:: WHAT TO DO ::
Return the lines exactly as they stand, from the first of the material through the line containing "圖為7月23日,民輔警在武寧".

:: RAW DATA ::
—————
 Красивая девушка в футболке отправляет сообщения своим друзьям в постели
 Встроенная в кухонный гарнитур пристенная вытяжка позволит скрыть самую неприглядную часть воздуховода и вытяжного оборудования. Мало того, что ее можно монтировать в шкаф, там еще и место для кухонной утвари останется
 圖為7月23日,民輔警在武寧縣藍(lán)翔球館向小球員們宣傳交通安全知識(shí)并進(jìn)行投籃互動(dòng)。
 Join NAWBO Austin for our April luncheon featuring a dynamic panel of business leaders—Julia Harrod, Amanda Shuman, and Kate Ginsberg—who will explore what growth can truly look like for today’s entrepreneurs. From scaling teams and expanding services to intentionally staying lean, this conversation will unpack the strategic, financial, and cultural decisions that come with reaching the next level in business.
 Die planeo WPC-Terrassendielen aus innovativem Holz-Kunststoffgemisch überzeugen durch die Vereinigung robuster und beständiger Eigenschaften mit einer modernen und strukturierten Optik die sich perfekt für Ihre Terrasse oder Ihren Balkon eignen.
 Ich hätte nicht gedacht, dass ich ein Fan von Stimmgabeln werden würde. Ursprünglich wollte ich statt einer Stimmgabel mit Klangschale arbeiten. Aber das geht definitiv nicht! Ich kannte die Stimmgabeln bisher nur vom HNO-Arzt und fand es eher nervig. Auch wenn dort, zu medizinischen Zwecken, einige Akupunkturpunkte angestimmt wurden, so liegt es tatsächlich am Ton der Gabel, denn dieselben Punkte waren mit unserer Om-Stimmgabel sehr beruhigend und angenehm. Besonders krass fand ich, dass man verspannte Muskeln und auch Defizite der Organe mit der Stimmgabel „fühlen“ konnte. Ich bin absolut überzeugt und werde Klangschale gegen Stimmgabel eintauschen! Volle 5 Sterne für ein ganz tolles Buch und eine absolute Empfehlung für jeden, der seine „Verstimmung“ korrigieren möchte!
—————
:: WRITTEN REPLY ::
 Красивая девушка в футболке отправляет сообщения своим друзьям в постели
 Встроенная в кухонный гарнитур пристенная вытяжка позволит скрыть самую неприглядную часть воздуховода и вытяжного оборудования. Мало того, что ее можно монтировать в шкаф, там еще и место для кухонной утвари останется
 圖為7月23日,民輔警在武寧縣藍(lán)翔球館向小球員們宣傳交通安全知識(shí)并進(jìn)行投籃互動(dòng)。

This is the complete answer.